• **Data for the task**:
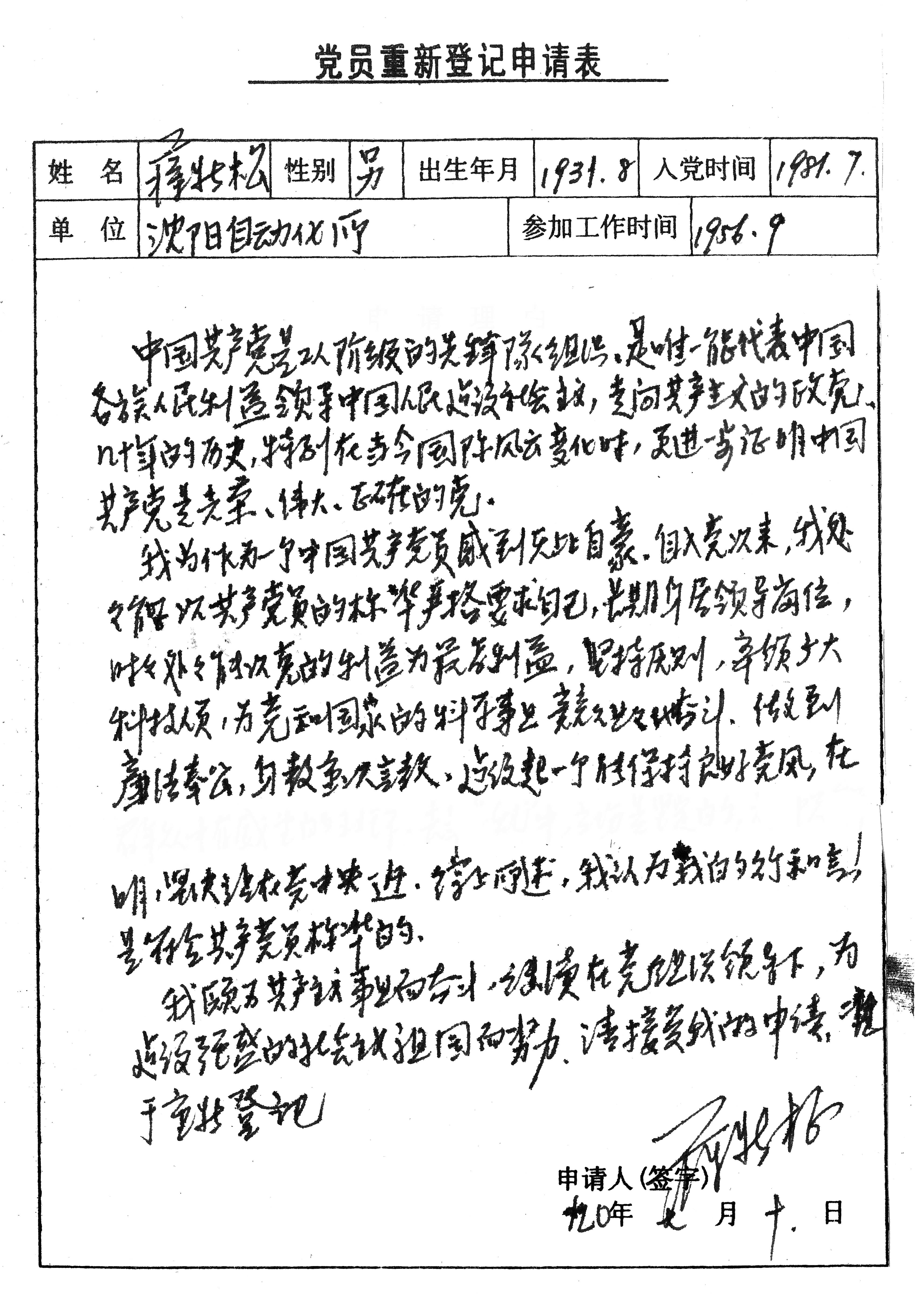通过伟大的思想改造运动,我初步清理了头脑中个人主义与集体主义的矛盾。什么才是青年最远大的理想?认识了中国共产党是中国工人阶级的先锋队,是中国革命的领导核心,是中国各民族人民利益的忠实代表。认识到社会发展的客观规律,社会主义经过生产力的巨大发展和政治、文化上的巨大进步,最后必然发展为消灭一切阶级差别,实现各尽所能的共产主义。这是人类历史上最伟大与最豪迈的事业。作为一个革命青年应该以此作为自己的理想与抱负。(一九)五三年在北京俄专留苏预备部曾首次向党组织提出了入党申请。
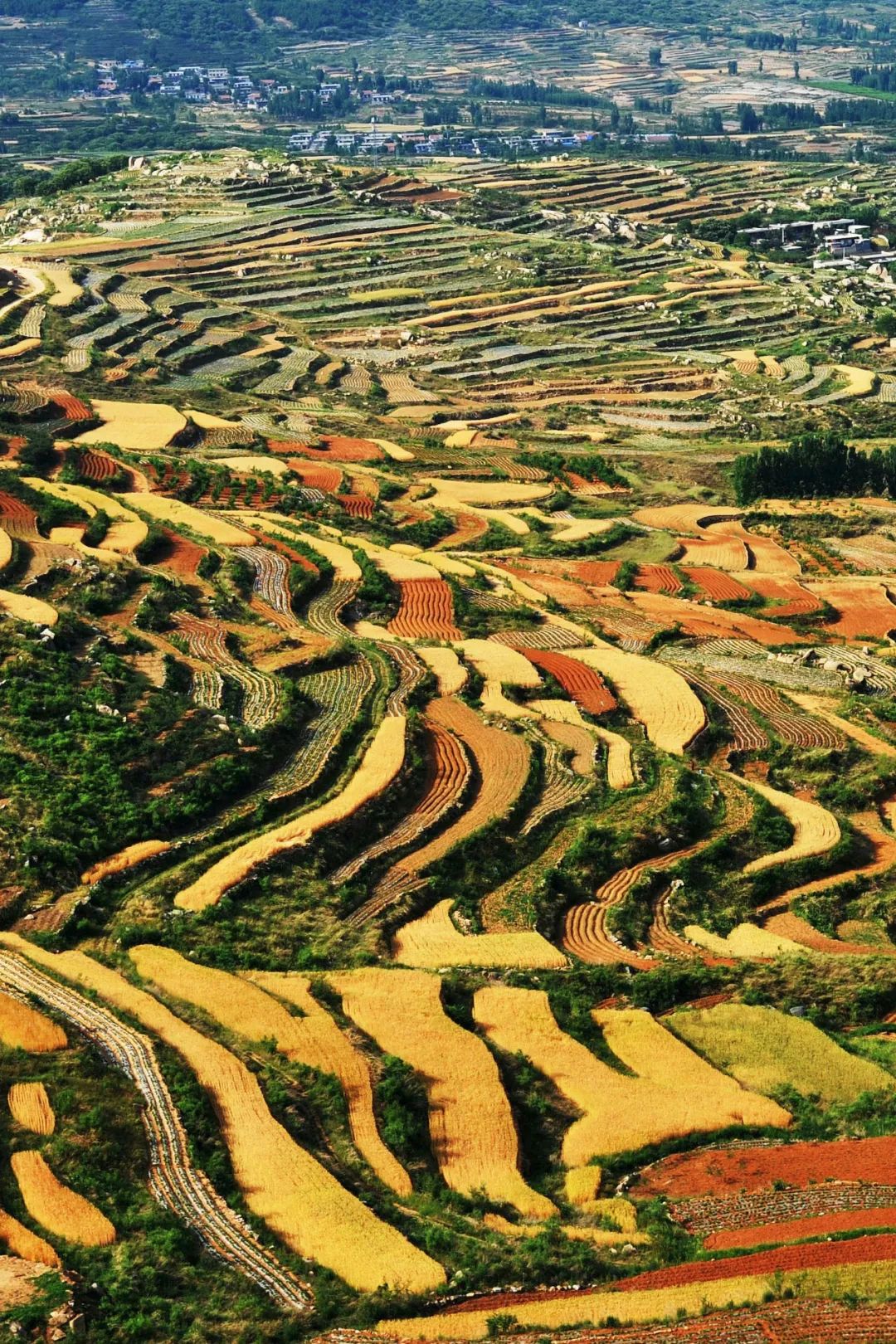 临近关东的庆阳,董志塬上每年都有“高塬麦浪”的壮阔景色;陇东的山地之间,麦田的边缘顺着千沟万壑勾勒出别样的线条。
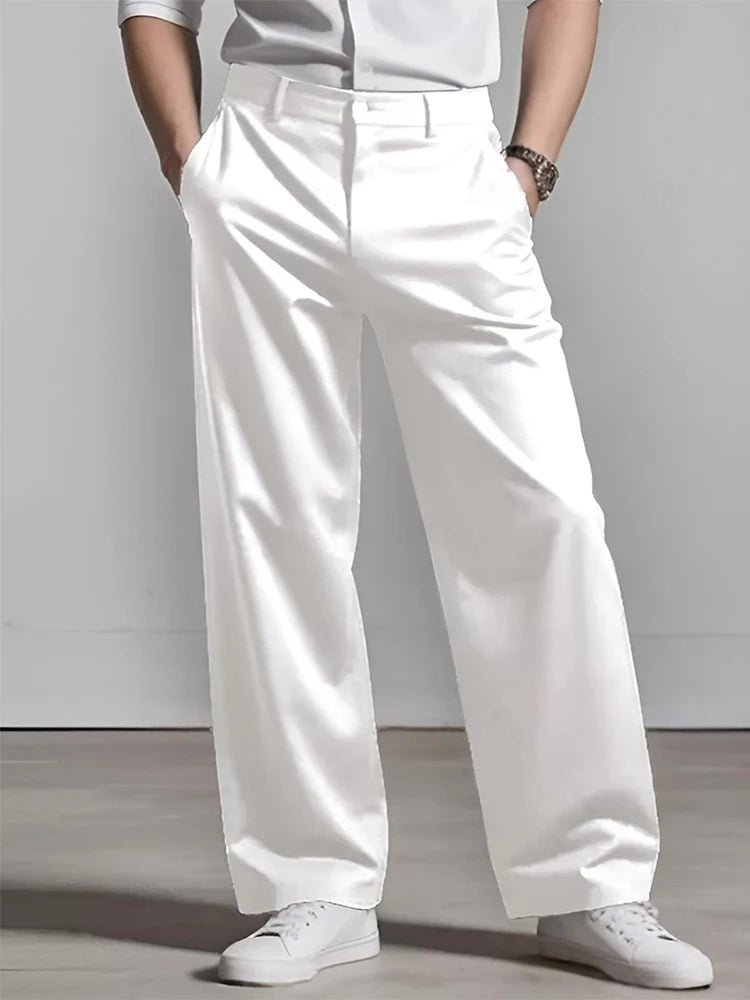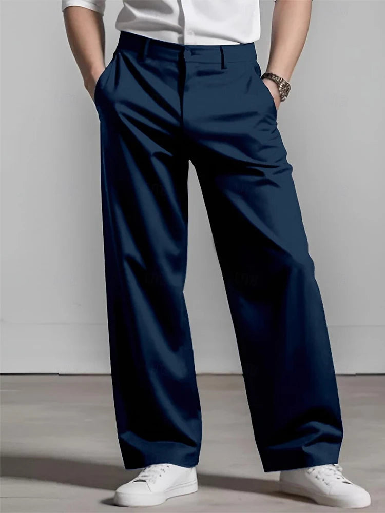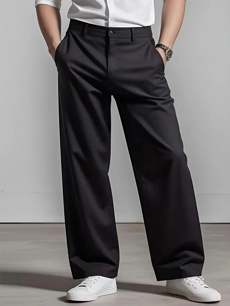 WIAOFELLAS - Fashionable Pleated Mens Loose Straight Pants Spring Summer Daily Casual Solid Color Suit Trousers For Men Leisure Trousers
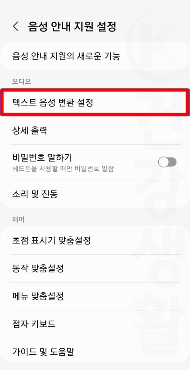 2. 텍스트 음성 변환 설정을 누릅니다.
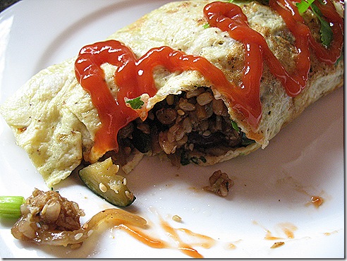 My mom used to make it for me when I was little enough to barely see over the counter, and when she was too busy running her piano academy, my sister made it for me when she was probably 10-12 years old. It’s that easy, a child can make it. I have fond memories of my sister trying not to tear the omelette as she handled it with her hands to wrap the fried rice. Sometimes she did it when it was too hot, and would wince at the heat.

• **Work order**:
Return each record as written, minus its images.

• **Solution for this problem**:
通过伟大的思想改造运动,我初步清理了头脑中个人主义与集体主义的矛盾。什么才是青年最远大的理想?认识了中国共产党是中国工人阶级的先锋队,是中国革命的领导核心,是中国各民族人民利益的忠实代表。认识到社会发展的客观规律,社会主义经过生产力的巨大发展和政治、文化上的巨大进步,最后必然发展为消灭一切阶级差别,实现各尽所能的共产主义。这是人类历史上最伟大与最豪迈的事业。作为一个革命青年应该以此作为自己的理想与抱负。(一九)五三年在北京俄专留苏预备部曾首次向党组织提出了入党申请。
 临近关东的庆阳,董志塬上每年都有“高塬麦浪”的壮阔景色;陇东的山地之间,麦田的边缘顺着千沟万壑勾勒出别样的线条。
 WIAOFELLAS - Fashionable Pleated Mens Loose Straight Pants Spring Summer Daily Casual Solid Color Suit Trousers For Men Leisure Trousers
 2. 텍스트 음성 변환 설정을 누릅니다.
 My mom used to make it for me when I was little enough to barely see over the counter, and when she was too busy running her piano academy, my sister made it for me when she was probably 10-12 years old. It’s that easy, a child can make it. I have fond memories of my sister trying not to tear the omelette as she handled it with her hands to wrap the fried rice. Sometimes she did it when it was too hot, and would wince at the heat.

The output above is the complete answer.